Elasticsearch real time data sync with sql server

I am new to Elastic Search and I am trying to figure it out below scenarios

  1. How/which tool to sync/insert data into Elastic search when new record is created in SQL Server?(Near Real time)
  2. How to transformation for legacy data into elastic search?

PS: I am using Elastic 7.8 version

If your database has a sequence or timestamp that can be used to identify new records then the jdbc input can track state.

Thanks Badger for the response. jdbc input through Logstash right?

I read that Logstash has performance issues. Is there any alternative way?

Can case 1 be resolved with beats? If yes, can you please send me a link which I can follow.

I am very new to ELK stack, please do not mind if my questions are silly

Well you posted in the logstash forum so I assumed you wanted to use logstash :smiley:

I do not think there is a beat that can do this.

The performance of Logstash depends a lot on the configuration so I disagree with your statement. I suspect Logstash is your best bet in order to get data replicated in near real time.

logstash is a good option, I have been using logstash with idbc input for about 8 months with no issues. I recommend tune your SQL query to have index in sql side and as @Badger mentioned, use a timestamp to track deltas change after last execution, something that worked for me is use a limited time range for my where condition, i.e. get only rows modified in the last 10 mins

WHERE ....
AND DATEADD(mi, DATEDIFF(mi, GETUTCDATE(), GETDATE()), *my-modify-date-time-sql-column*) >=  DATEADD(mi,-10,GETDATE())

I have a sync close to real time, logstash pipeline running every 5 mins.

good luck

Thank you @Badger, @Christian_Dahlqvist, @christiancj. I will work on POC using logstash for any insert/update or delete in table.
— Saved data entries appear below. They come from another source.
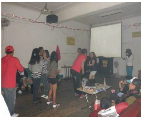
'Dangdutan' karaoke room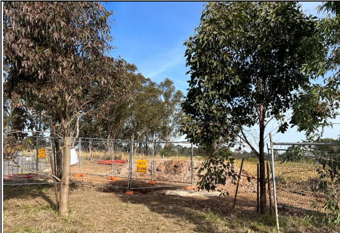
Power: Stockpile placed at the Caddens Rd bore needs appropriate erosion and sediment controls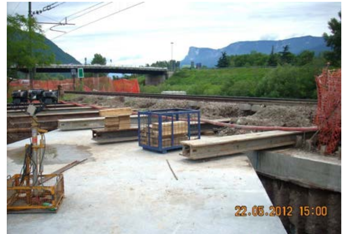
Figure 7 - Transverse beams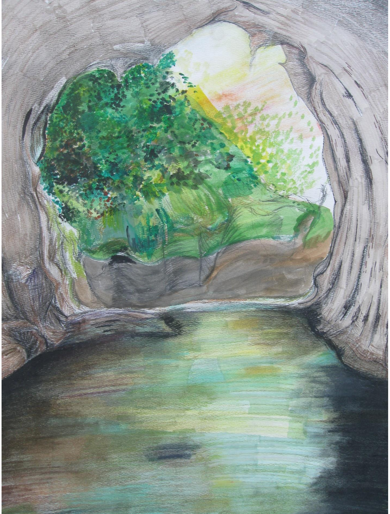
Student Impressionism style landscape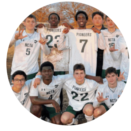
Boys soccer saw much success and brought home the championship!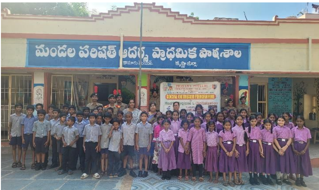
Group Photo With the Students and Teachers of the school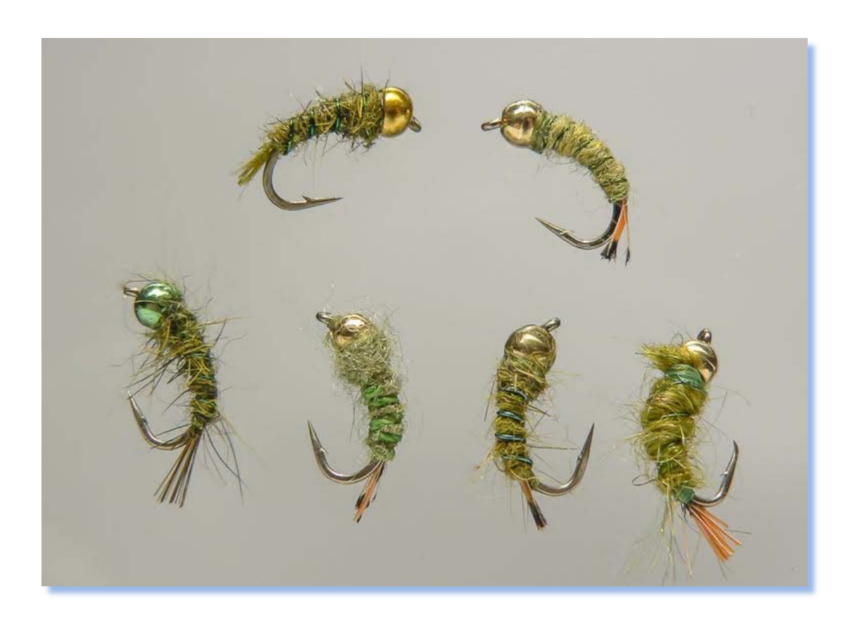
There were 6 flies entered in the July competition

For scenario 2, where I have to transform all data(millions of records) to docs. For this do you recommend any tool or should I loop through all records and create docs?

Thanks again All.

@Coder_Cub use Logstash for your 'migration' load, leaving the where condition of your sql input statement open to pull ALL the millions of docs. I've migrated close to 4M of sql rows to elasticsearch in couple of hours using Logstash, the time may vary if you have a transformation process in logstash (mutate, grok, etc..) and analyzer(s) in your elastic index, and use a second pipeline to catch your deltas (new inserts/updates)

As tip, use a unique Id column from SQL to define your document Id in ElasticIndex, this is the value that logstash will use to find the object in Elastic and update if the doc already exist (thinking on update scenarios).

i.e.

output {
	elasticsearch {
		hosts => ["server1:9200","server2:9200"]
		document_id => "%{your_sql_unique_identifier_column}"
	
		index => "my_index_sample"
		doc_as_upsert => true
		action => "update"
	}
}

Awesome. Thank you so much @christiancj

This topic was automatically closed 28 days after the last reply. New replies are no longer allowed.